When the S1 was updated in the middle of August by Nutanix, it said it had acquired a technology company for 528,517 of its own shares and $1.2 million in cash. Presumably this is what it has paid for, but it has not been precise. That works out to seven-tenths of a percent of shares that Nutanix has at the moment, which if the company is valued at around $2 billion still works out to something like $14 million in stock plus the $1.2 million in cash for PernixData had raised $62 million in cash and was looking for more to push its all-flash arrays and to ramp up its FVP flash management software, but apparently it could not get additional funding. Everyone is presuming that Nutanix paid at least this much to the owners of PernixData, but we won’t know for sure until the S1 is updated yet again.

We think other acquisitions will be in the works for Nutanix as it seeks to build up its enterprise cloud from hyperconverged storage to a full-on compute and storage platform, including virtual machine and container management and application orchestration.

The pressure is no doubt on Nutanix to grow its business and get closer to profitability at the same time. It is just shy of a $500 million annualized run rate and adding just under 500 new customers a quarter. Double that up again and Nutanix could become profitable. A lot depends on if Dell will continue to sell Nutanix software on its cloud PowerEdge-C variants and if Nutanix can convince HPE, the volume leader, to back its stack over VMware’s or Microsoft’s. Nutanix will be very fortunate if it can get Dell to continue to sell its stack and for HPE to start. If not, Nutanix may just have to focus on supporting an open version of its software that can run on any commodity X86 hardware and stop trying to directly get the major server makers to endorse it. It needs to make it an affordable software product that end users can pull into their datacenters, like Linux was a decade and a half ago, and less of a push from channel partners. It needs hundreds of thousands of customers, like VMware has. It can’t get there with partners who push competitive products, but it can get there with users who certify to specific hardware and can buy the software directly and at an affordable price.

The one thing that Nutanix needs to do is elaborate more clearly about how it intends to weave containers into its Acropolis platform. It is not enough to say that people can run containers on Nutanix.

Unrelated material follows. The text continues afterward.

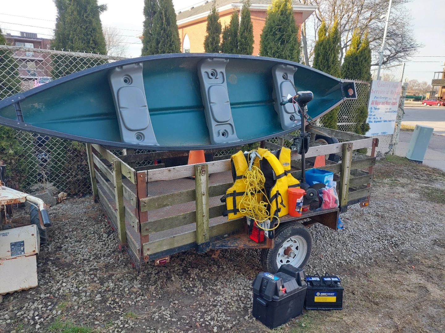 Green Canoe with Trolling Motor and Accessories
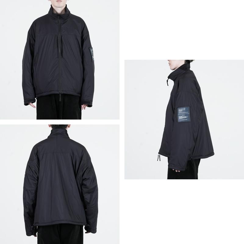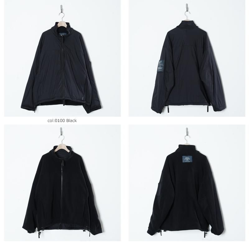 左袖またはポケット内側にベルクロ仕様の可動式ミルスペックを、フリース側背面にサイズスペックを配置。肩はドロップショルダー仕様で丸みのあるボックスシルエット。

It is going to have to choose the method, and actually weave it in, not simply say that customers can run the CoreOS Tectonic container platform atop Acropolis or that there is a Docker plug-in for Acropolis. The secret to the success to Nutanix is that it makes complex clusters with virtualized compute and SAN-style storage look easier than they are. It needs to do the same for clusters, and then hide the complexity away from users. This is what VMware, Microsoft, and Red Hat are both doing with their respective container efforts.